After both sides rested, the trial court instructed the jury on the law of self- defense. See Tex. Penal Code § 9.31. Appellant’s counsel objected to the inclusion of the Penal Code section 9.05 language regarding innocent bystanders as it related to Destiny because Destiny had “set up” the drug deal, provided the mace Darian used on appellant, and admitted she told Darian to lie to police about the nature of the transaction; the inclusion of a lesser included offense instruction of reckless aggravated assault; and the exclusion of “recklessness” in the intent language in the self-defense instruction. (6RR49-51). The trial court overruled appellant’s objections as to the 9.05 language and the lesser included offense but allowed the inclusion of recklessness in the self-defense instruction. The trial court did not include an instruction regarding self-defense against multiple assailants. Appellant’s trial court counsel did not object to the omission at trial.

Analysis

In a single issue, appellant argues that the self-defense jury instruction was reversible error because the trial court failed to instruct the jurors on the law regarding self-defense against multiple assailants.

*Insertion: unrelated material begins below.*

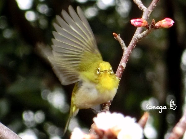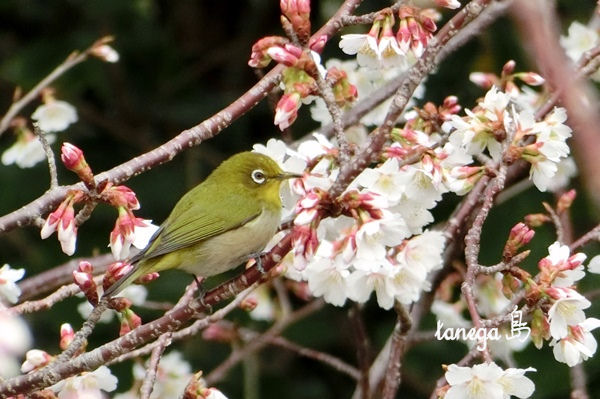 毎年2月末に山桜が満開となり、木々を飛び回るメジロの姿を見ることができる。

We review complaints of jury-charge error under a two-step process. See Ngo v. State, 175 S.W.3d 738, 743–44 (Tex. Crim. App. 2004); Abdnor v. State, 871 S.W.2d 726, 731–32 (Tex. Crim. App. 1994). First, we must determine whether error exists in the trial court’s charge. Wooten v. State, 400 S.W.3d 601, 3 606 (Tex. Crim. App. 2013). Second, if there is error, the court must determine whether the error caused sufficient harm to require reversal of the conviction. See id. If the defendant preserved error by timely objecting to the charge on the issue raised on appeal, we will reverse if the defendant demonstrates that he suffered some harm as a result of the error. Reeves v. State, 420 S.W.3d 812, 816 (Tex. Crim. App. 2013). Under the some-harm standard, reversal is required if the error is “calculated to injure the rights of the defendant.” Almanza v. State, 686 S.W.2d 157, 171 (Tex. Crim. App. 1985); Ramjattansingh v. State, 587 S.W.3d 141, 156 (Tex. App.—Houston [1st Dist.] 2019, no pet.). If the defendant did not timely object to the charge-error issue raised on appeal, we will reverse only if the error was so egregious and created such harm that the defendant was deprived of a fair and impartial trial. Villarreal v. State, 453 S.W.3d 429, 433 (Tex. Crim. App. 2015); see Almanza v. State, 686 S.W.2d 157, 171 (Tex. Crim. App. 1985); see also Ngo, 175 S.W.3d at 743. In both circumstances, we determine harm by reviewing “the whole record, including the jury charge, contested issues, weight of the probative evidence, arguments of counsel, and other relevant information.” Jordan v. State, 593 S.W.3d 340, 344 (Tex. Crim. App. 2020).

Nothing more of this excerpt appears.